The introduction of the fourth generation HIV antigen-antibody combination enzyme immunoassay (HIV Ag-Ab EIA) has led to a reduction in the diagnostic ''window period'' when HIV antibody is negative during primary infection. This facilitates earlier laboratory diagnosis during sero-conversion. An HIV Ag-Ab EIA (AxSYM, Abbott Laboratories, Kent, UK) was introduced to a London Teaching Hospital since 2004 as the primary screening test. Confirmation was performed using another HIV Ag-Ab EIA (Vironostika, BioMe ´rieux, Hampshire, UK) and an HIV Ab only assay (Bispot, Orgenics, Yavne, Israel). Retrospective analysis identified a total of 20 sero-converting patients who would have been missed if the standard antibody-only HIV tests had been used as the primary screening test. This accounted for approximately 3% of the new diagnoses made by the laboratory. The median time from onset of illness to sero-conversion was 18 days. Two patients had multiple samples analyzed between initial presentation and eventual sero-conversion.

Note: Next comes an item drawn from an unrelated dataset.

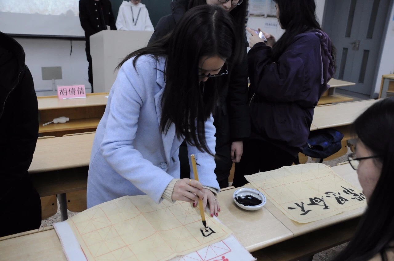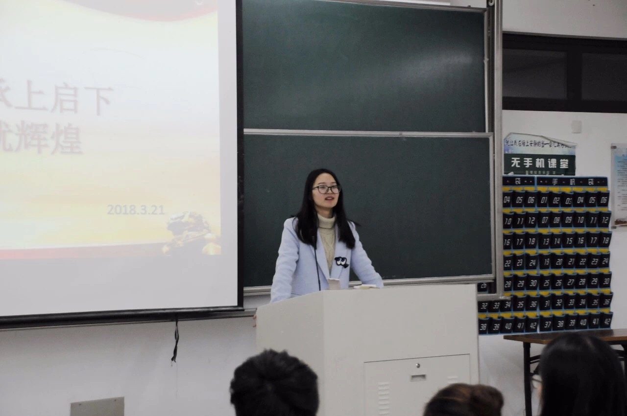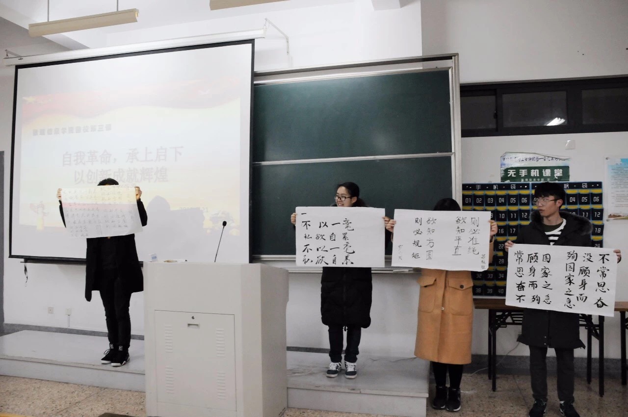 本次团课授课的方式与以往不同,我们邀请了书法社社长汪银菲同学为我们讲述了古时的革命精神,以及书法与改革创新的渊源。为了使我们更好的理解本次团课的主题,书法社的同学们通过书法作品展示了他们对于革命精神的理解。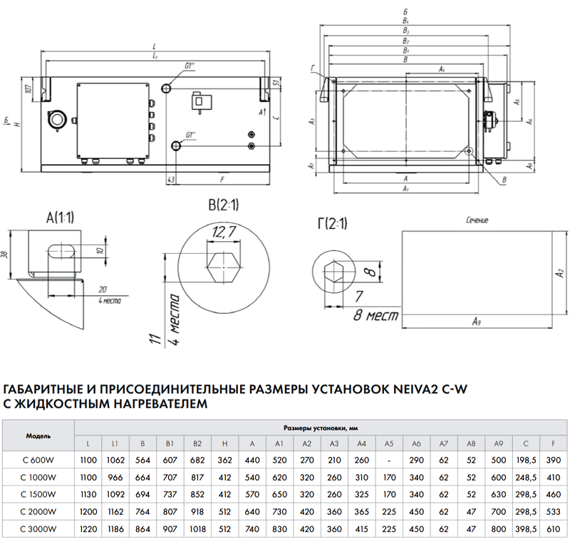 Приточная установка Neiva 2 C-600-W1-F5-OF-DZ-R

One had a prolonged seroconversion illness lasting for over 137 days; the other sero-converted within 17 days. A plotting of the signal to cut-off ratio with time of the two HIV Ag-Ab EIAs showed a V-shaped curve and both tests were below cut-off at some time-points during sero-conversion. These two cases highlighted the difficulties in diagnosing HIV infection during sero-conversion. On the basis of these results, it is recommended that a fourth generation HIV Ag-Ab EIA could be considered for use as the standard of care, particularly in any population with a high rate of HIV infection.